Picture, if you will, a lumber company that sells its own products online. Like the CPU manufacturer, they grade their lumber into categories including FAS (the best), No.1 (furniture grade), and No. 3 (flooring). Obviously FAS is the most expensive, but they don’t sell a lot of it. Since the goal, when milling logs, is to get the most and best woods from them, they often have a surplus of a FAS and run out of Nos. 1 and 3.
If they list the Nos. 1 and 3 as out of stock, people with lesser needs and smaller budgets won’t step up to the FAS, but go elsewhere. The store could offer the FAS at the same price as the out of stock wood, but then they would lose the money from those ready to buy the more expensive product at the original price. So the store starts putting better grades of lumber, at random, in with the lower grades. That way they can sell as much wood for as high a price as they think possible, which is just good business.
If a customer notices that some of the wood is better than what they paid for, they are unlikely to complain. In fact, the lumber firm could develop a reputation for selling better than expected products.

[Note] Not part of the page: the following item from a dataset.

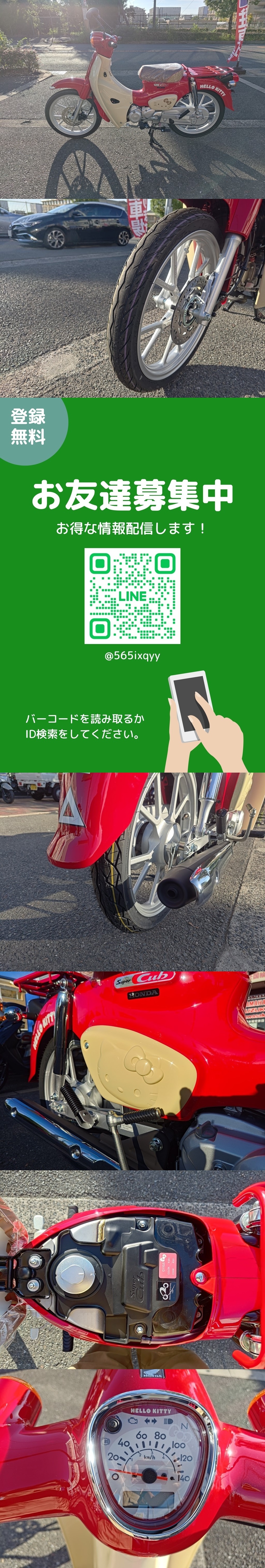 | ホンダ スーパーカブ110<ハローキティ50周年記念モデル>只今即納可能です! この度、ホンダから発売された**スーパーカブ110<ハローキティ50周年記念モデル>**が、ついに入荷しました! 長年愛され続けている国民的バイク、スーパーカブと、同じく世界中で愛されるハローキティ。この夢のようなコラボレーションが、ハローキティ50周年の記念すべき年に実現しました。 このモデルは、キティちゃんの可愛らしさが細部にまでちりばめられた、まさに特別な一台です。フロントににあしらわれたハローキティの**リボンをモチーフにしたエンブレム**や、サイドカウルにあしらわれたキティちゃんの**顔のイラスト**。メーター内にはハローキティのロゴがデザインされており、見るたびに心がときめきます。 受注生産モデルのため、手に入れるのが難しいとされていましたが、今回**1台のみ**特別に入荷しました。まさに早い者勝ちのプレミアムなバイクです。ご自身用にはもちろん、キティちゃんファンの方への特別なプレゼントにも最適です。 バイクとしての性能も、もちろん折り紙付きです。スーパーカブならではの**扱いやすさ**と**燃費の良さ**は、通勤やちょっとしたお買い物、街乗りにもぴったり。さらに、**メーカー保証が2年間**付いているので、安心して乗り始めることができます。 ご来店が難しいお客様のために、**全国各地への陸送**も承っております。また、万が一のときに備える**盗難保険**や**ロードサービス保険**など、各種任意保険のご相談もお任せください。ご購入方法についても、ご自宅にいながらオンラインで受けられる**ローンの審査**をご利用いただけます。 現在お乗りのバイクからの**買い替え**や**下取り**、**買取**も大歓迎です。カスタムのご相談も承っておりますので、自分だけの一台に仕上げることも可能です。 この特別なスーパーカブ110を手に入れるチャンスは今しかありません!詳細は、ぜひお気軽に当店までお問い合わせください。皆さまのご連絡を心よりお待ちしております。 |

Making sure we get all the saw dust off before we go from the mill back to the semiconductor fabrication cleanroom, we now see that our CPU could indeed be FAS when we only paid for No.1, or a 3.3+ GHz when we only forked out for a 2.8 one.
Overclocking, at least while maintaining stock voltages (more on that later), is not really about pushing the envelope, but discovering the chip’s actual potential.